Мне снился сон, который я уже видел много раз, когда мне бывало плохо. Он снился мне — один и тот же — и в костромском госпитале, и по дороге туда в вагоне для тяжелораненых, и осенью сорок третьего года после тяжелой контузии в медсанбате под Новозыбковом, и при задержании в Московской комендатуре под новый сорок пятый год — при возвращении на фронт, и еще многажды, когда у меня случались неприятности и мне было худо.
Сны у меня были в основном реальные и потому убедительные, с некоторыми изменениями в деталях обстановки и лиц, но с одним неизменным настроением тревоги, беспокойства и грусти. Просыпался всегда с облегчением и чувством какойто утраты.
Это, пожалуй, самое раннее воспоминание детства. Мне два или три года, у меня воспаление среднего уха и сильный жар, моя голова укутана в теплые платки, от испарины я весь мокрый и от страшной сверлящей боли закатываюсь надрывным плачем. Бабушка носит меня на руках по избе, время от времени останавливаясь у одного из окон, покрытого по краям изморозью и наледью. За окном — безлюдная деревенская улица, залитая ярким лунным светом, на крышах изб — метровые шапки снега. В углу, вправо от двери, на самодельной деревянной кровати, прижав сверху к уху подушку, чтобы не слышать моего рева, храпит дед. Подушка помогает недостаточно, и, как всегда, когда что-нибудь мешает ему спать, дед, не просыпаясь окончательно, выкрикивает в полусне матерные ругательства. Бабушка носит меня на руках, баюкает и, от жалости и сострадания заливаясь слезами, нараспев заклинает: «У кошки бол 'и, у собаки бол 'и, а у Васены не бол 'и…»
* * *
Арнаутов разбудил меня в начале четвертого; я выкатил мотоцикл во двор, а затем и на улицу. Заперев гараж, я оставил ключ в замке, не сомневаясь, что утром старик-немец обнаружит его и заберет. На веранде горел свет и слышались голоса — там по-прежнему играли в преферанс. Равнодушный к настольным играм, я не мог понять, как взрослые люди, а тем более офицеры, могут терять время попусту, просиживая часами, а то и всю ночь за картами и расписывая какую-то «пульку» — ни уму, ни сердцу.

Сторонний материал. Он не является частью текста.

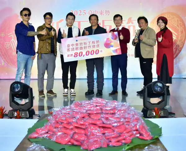 台中市政府客委會說明,今日記者會由土牛國小客家歌謠表演活力開場,首度公開發表台中東勢新丁粄節客語創作歌曲首獎作品《幸福新丁粄》,非常符合節慶氛圍,並舉行頒獎儀式,由創作者邱嘉樑獲得8萬元獎金;現場由江主委帶領來賓於啟動裝置中注入活水,宣告「2025台中東勢新丁粄節」隆重登場,正式邀請全國民眾「正月半,來東勢,食大粄」。更多活動訊息可至「台中東勢新丁粄節」臉書粉絲專頁(https://www.facebook.com/SinDingBan)查詢。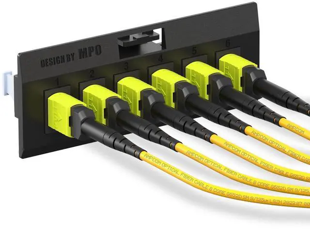 AMPCOM MPO to LC Breakout Cable 9/125m Singlemode OS1/OS2(8 Fiber, MPO to LC, Type B, LSZH/Riser, UPC, Yellow) 5m (16ft)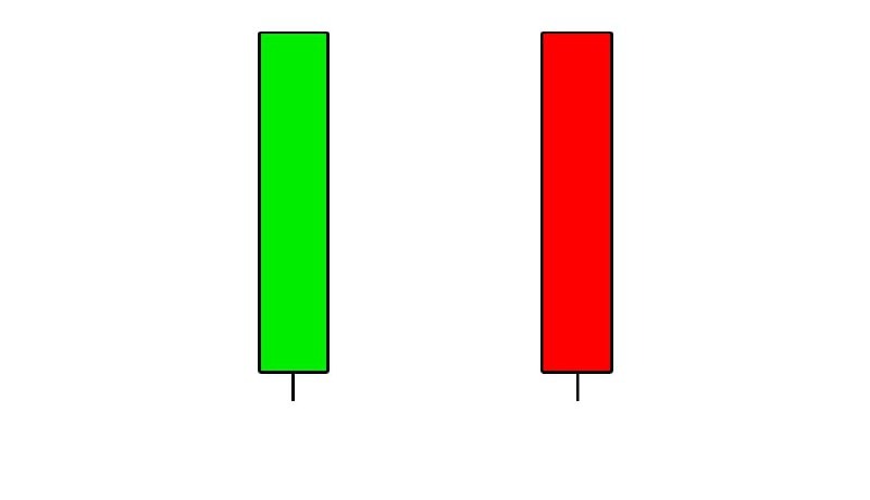 Полная свеча Марубозу имеет как открытую, так и закрывающуюся плоскую поверхность, при этом на всей подсвечнике нет фитилей. Это указывает на то, что криптовалюта, такая как Биткоин, или актив начали период времени, двигаясь в определенном направлении, и продолжали двигаться в этом направлении до самого конца периода времени. Например, акция могла открыть торговую сессию, поднявшись в цене, а затем закрыть сессию без малейшего отката.

Арнаутов был крепко выпивши и, находясь в «стадии непосредственности», стоял у коляски мотоцикла в мрачной задумчивости. Он долго усаживался в коляску. Наконец умостившись, пьяноватым голосом негромко сказал:
— Ведь сегодня день сформирования… Полковой праздник…
И нерешительно, как бы советуясь со мной, предложил:
— Может, нам заехать в Гуперталь? Как офицер, я должен засвидетельствовать свое почтение даме… Это мой долг!
В последние недели — после окончания военных действий — он к вечеру, как правило, выпивал и оттого начинал гусарить: заявлял, что должен ехать в Гуперталь, чтобы, как он выражался, «тряхнуть стариной». Там, во фронтовом военгоспитале, у него была знакомая женщина, заведующая аптекой, капитан медслужбы Лариса Аполлоновна.
Два раза я его возил туда и однажды ее видел: она поливала цветы и пригласила меня вместе с ним в дом. Мы сидели в комнате за немецким овальным столом красного дерева, пили чай, и, откинувшись на спинку старинного, с завитушками, полукресла, Арнаутов, вальяжный и необычный, с актерским пафосом вопрошал:
— Лариса! Так, значит, вы меня не забыли? Вы меня еще любите?
Лариса Аполлоновна, старая, лет пятидесяти женщина с явно крашеными темно-рыжими волосами и морщинистым, с отвислыми подрумяненными щеками лицом, неловко и жалко улыбалась, и от стыда мне хотелось куда-нибудь сбежать. Я тогда еще не знал, что это несколько измененные слова из знаменитой пьесы Островского «Бесприданница», не сообразил, что он всего лишь духарится, и потому не мог понять, зачем в моем присутствии он задает ей столь интимные вопросы.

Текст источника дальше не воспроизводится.